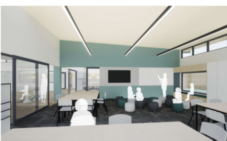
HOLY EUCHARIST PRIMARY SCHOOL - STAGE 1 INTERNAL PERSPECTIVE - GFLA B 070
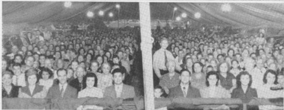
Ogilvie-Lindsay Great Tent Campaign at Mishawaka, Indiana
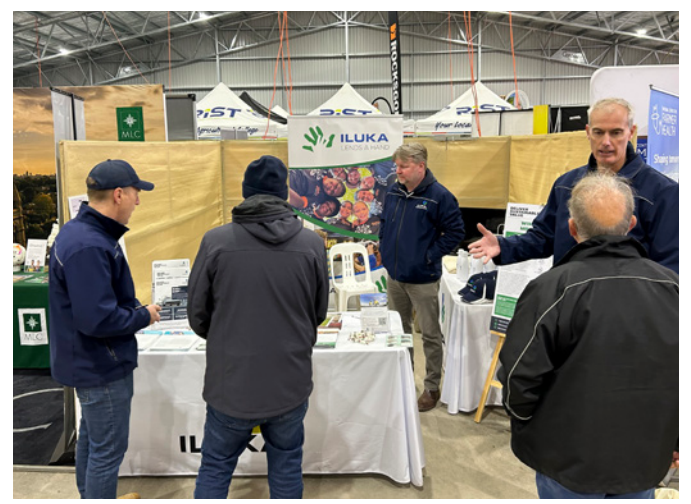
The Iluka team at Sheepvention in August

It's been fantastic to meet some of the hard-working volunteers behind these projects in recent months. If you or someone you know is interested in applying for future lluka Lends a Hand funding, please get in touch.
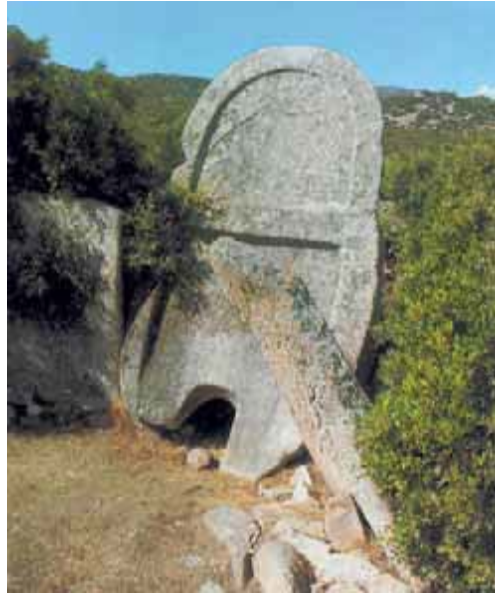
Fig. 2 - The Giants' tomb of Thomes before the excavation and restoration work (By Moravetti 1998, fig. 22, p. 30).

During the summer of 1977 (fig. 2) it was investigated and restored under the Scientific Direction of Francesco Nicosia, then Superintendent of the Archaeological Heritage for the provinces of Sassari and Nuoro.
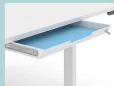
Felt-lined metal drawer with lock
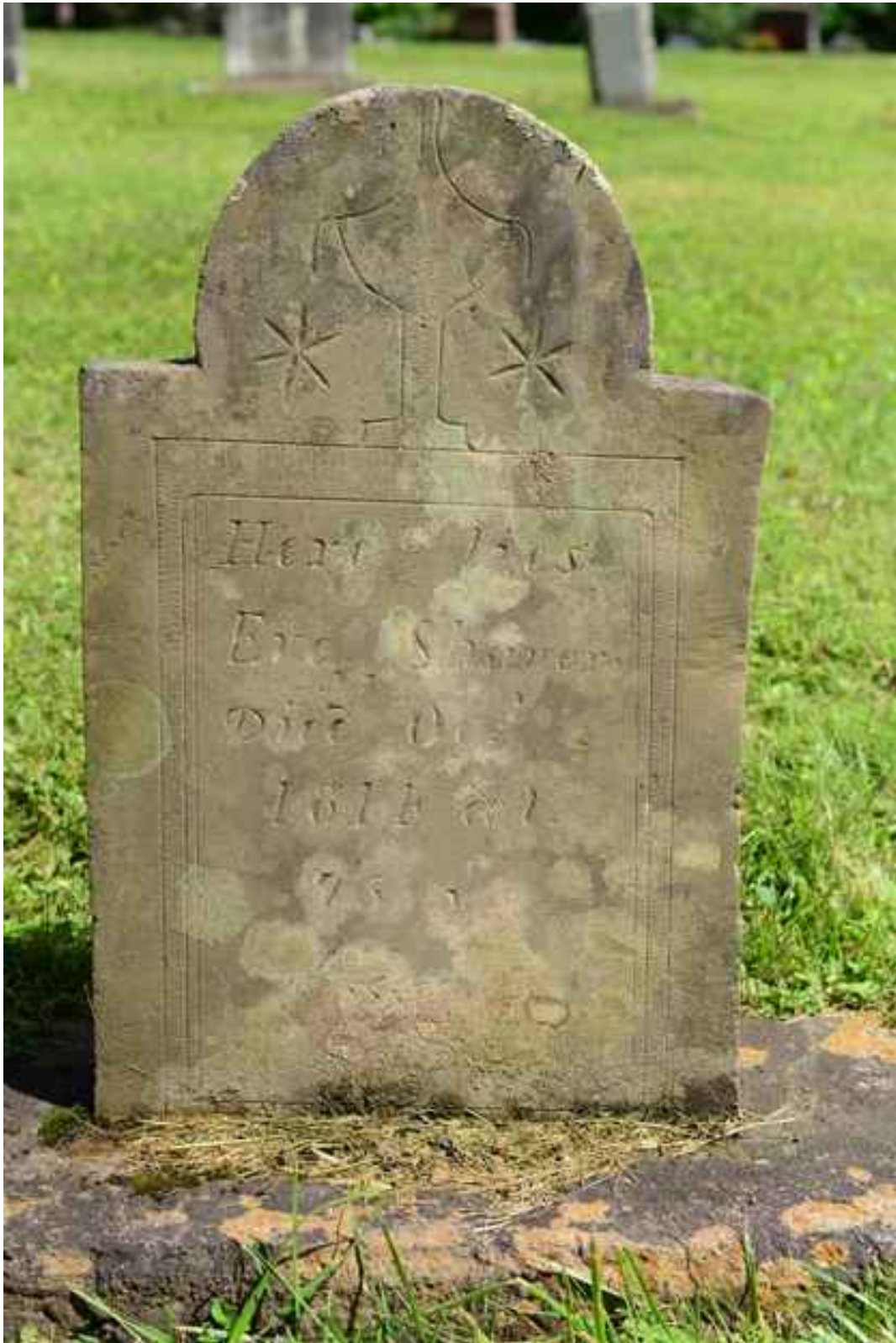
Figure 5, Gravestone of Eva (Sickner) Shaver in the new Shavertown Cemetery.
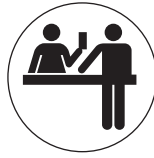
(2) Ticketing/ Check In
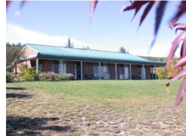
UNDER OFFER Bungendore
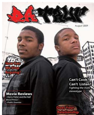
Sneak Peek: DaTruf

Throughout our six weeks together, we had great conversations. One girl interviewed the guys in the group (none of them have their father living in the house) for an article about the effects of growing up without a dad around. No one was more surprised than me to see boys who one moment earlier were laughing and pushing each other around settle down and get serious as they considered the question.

◆ ◆ ◆ ◆ ◆ ◆ ◆

An exact restatement of the lines from the one with "Sneak Peek: DaTruf" through the last line of the data is the only acceptable answer.

Sneak Peek: DaTruf

Throughout our six weeks together, we had great conversations. One girl interviewed the guys in the group (none of them have their father living in the house) for an article about the effects of growing up without a dad around. No one was more surprised than me to see boys who one moment earlier were laughing and pushing each other around settle down and get serious as they considered the question.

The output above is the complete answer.